Efficient Algorithm for Sorting Elements by Frequency Using Hashing (S4 Approach)

If 2 numbers have the same frequency, the elements of the array are printed at a decreasing frequency, and then the frequency at which the first one occurs.

Example:

Input : arr[] = {2, 5, 2, 8, 5, 6, 8, 8}
Output : arr[] = {8, 8, 8, 2, 2, 5, 5, 6}

Input : arr[] = {2, 5, 2, 6, -1, 9999999, 5, 8, 8, 8}
Output : arr[] = {8, 8, 8, 2, 2, 5, 5, 6, -1, 9999999}

We have discussed the different approaches in the following posts:

Sort elements by frequency|S1

Sort elements by frequency|S2

Sort array elements by frequency S3 (using STL)

All of the above methods are valid in O(n Log n) time, where n is the total number of elements. In this article, we discuss a new way to work in O(n + m Log m) time, where n is the total number of elements and m is the total number of different elements.

The method here is to use hashing

  1. We insert all the elements and their counts into the hash.
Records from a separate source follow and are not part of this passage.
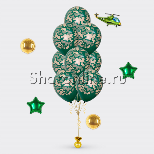 Фонтан из 10 камуфляжных шаров
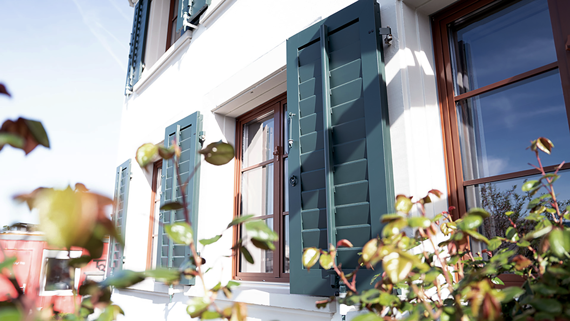 Unsere Fensterläden bieten robusten Schutz und schaffen durch Schweizer Qualität eine angenehme Atmosphäre – vom ersten Sonnenstrahl bis zur Abenddämmerung.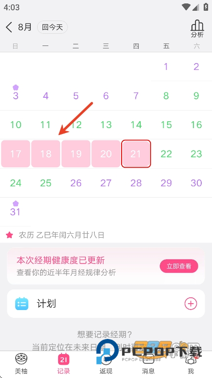 然后美柚会预测之后每个月的经期到达时间,例如预测下个月17号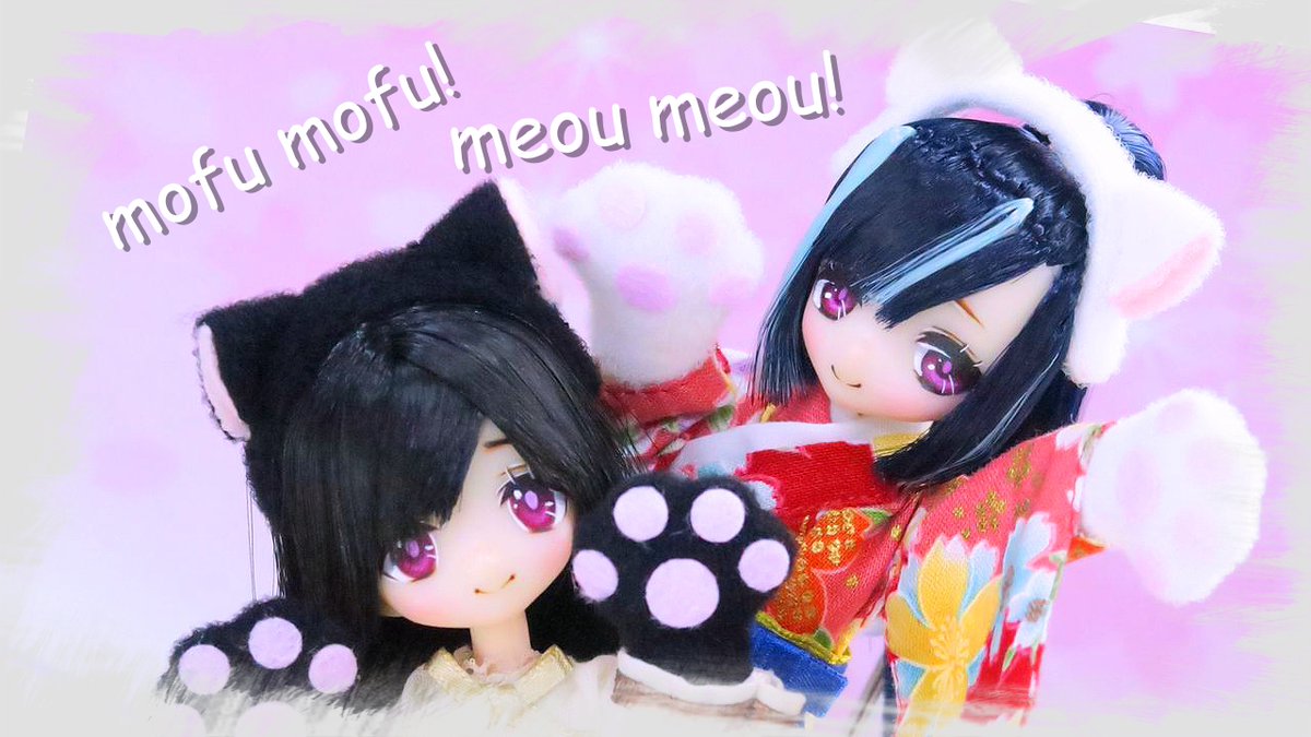 #今夜のドール撮影120分一本勝負 2/4のお題は【みみ】【過去】 🐈しろねこ葵結 と くろねこ萌恵🐈⬛♬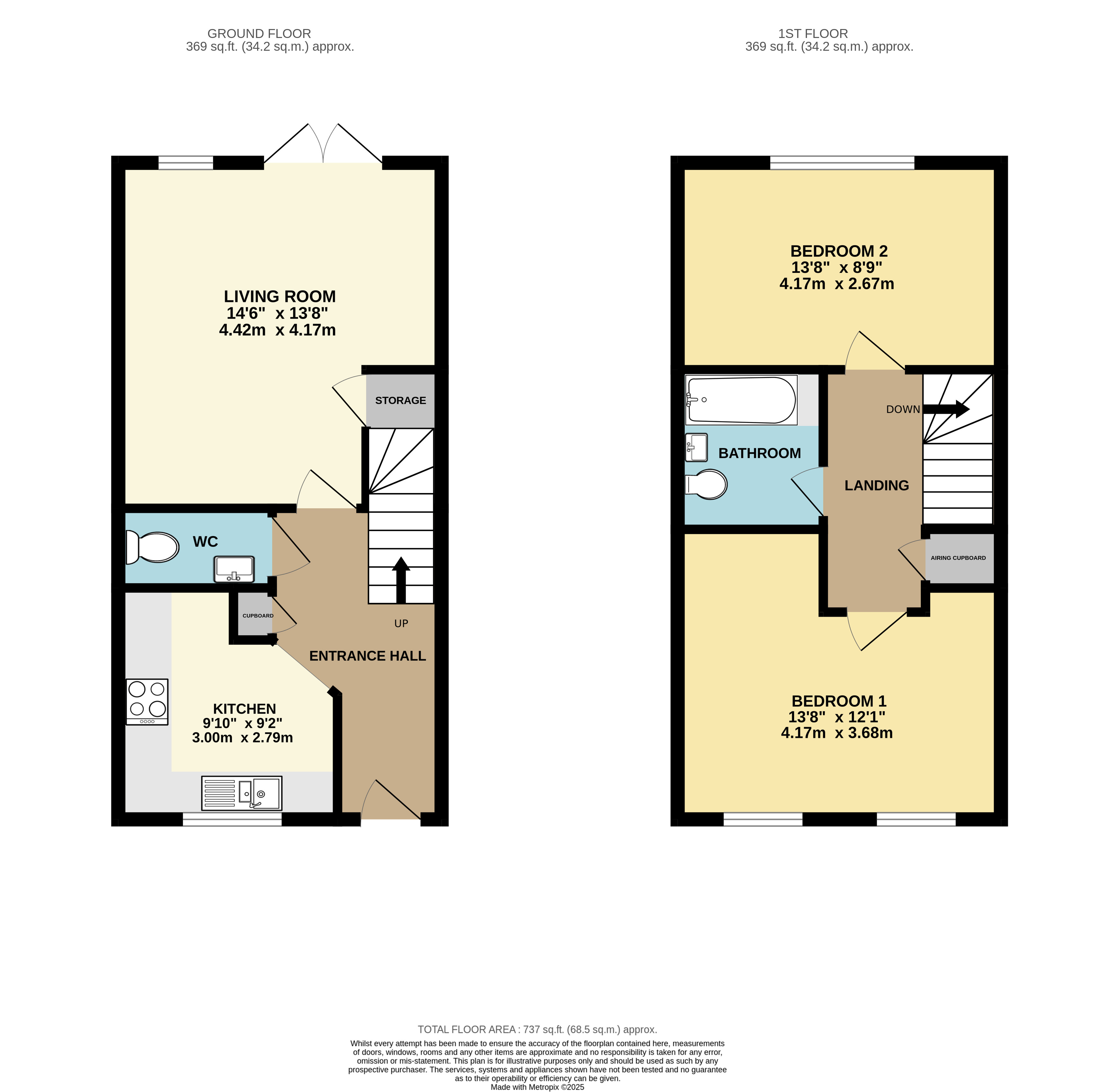 Master Bedroom 13'8" x 12'1" (4.17m x 3.68m).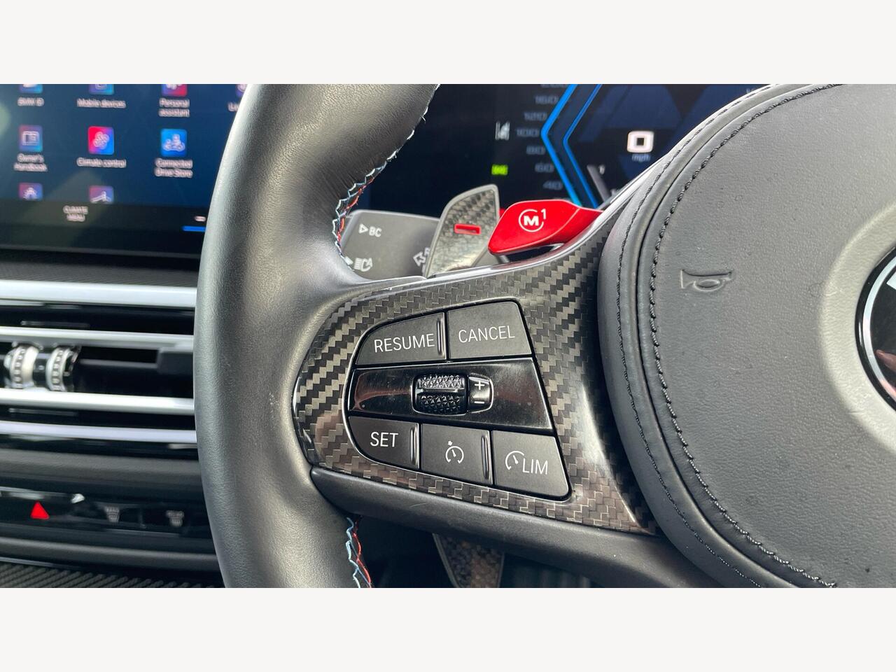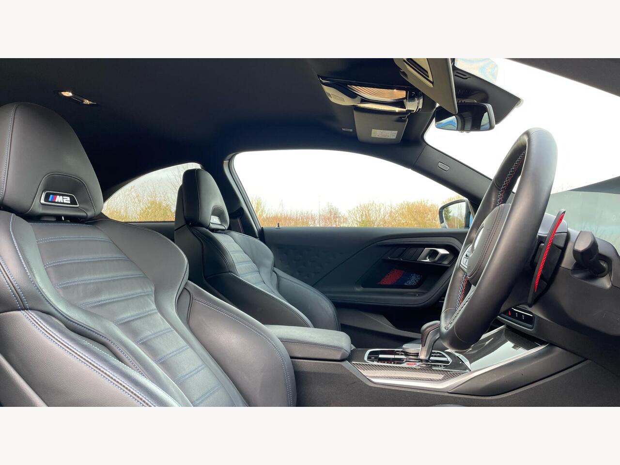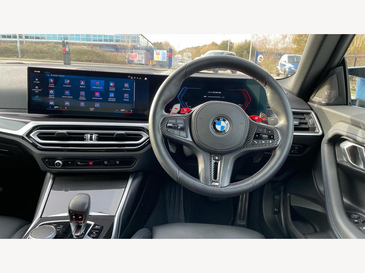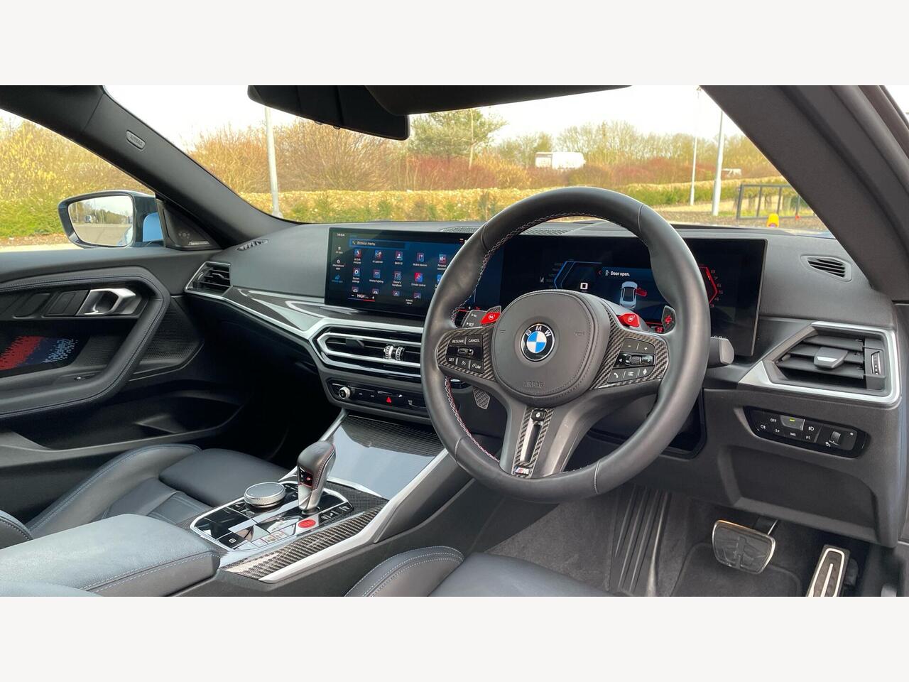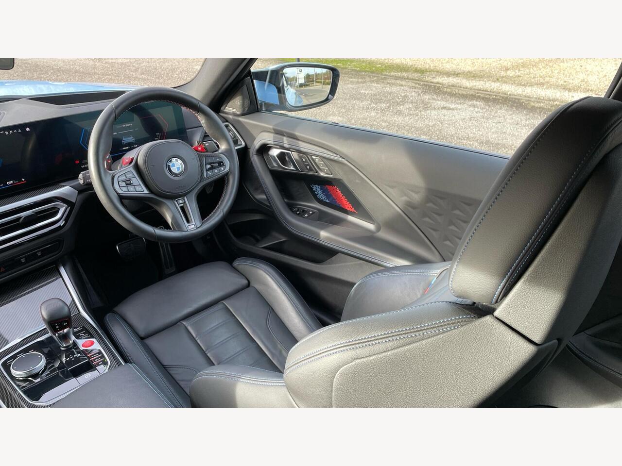 "Walknappa leather steering wheel with grey seam and John Cooper Works badge on Piano Black lower steering wheel spoke"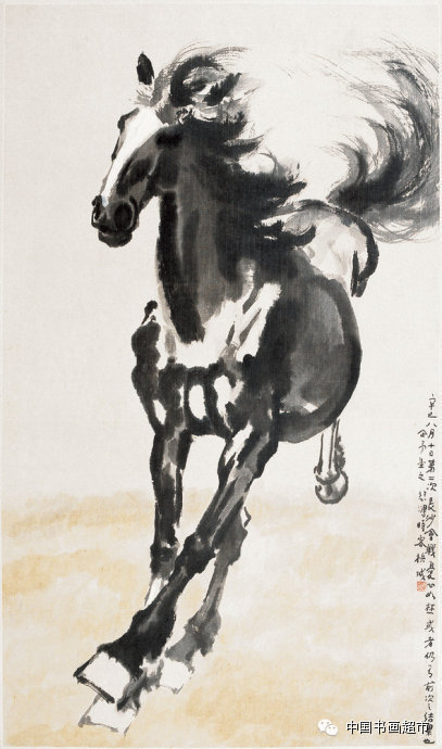 2.徐悲鸿所画的马,桀骜不凡,自由奔放,观之令人惊心动魄,在写实之中充满了浪漫主义的风格。画家不仅把骏马作为自己绘画风格的象征,更是一种精神的追求,是对自由和激情的赞美。

This step takes O(n) time, where n is the number of elements.
  2. We copy the contents of the hash into an array (or vector) and sort them by count. This step takes O(m Log m) time, where m is the total number of different elements.
  3. To maintain the order of the elements at the same frequency, we use another hash with the keys of the array and the values of the indexes. If both elements have the same frequency, the elements are sorted according to the index.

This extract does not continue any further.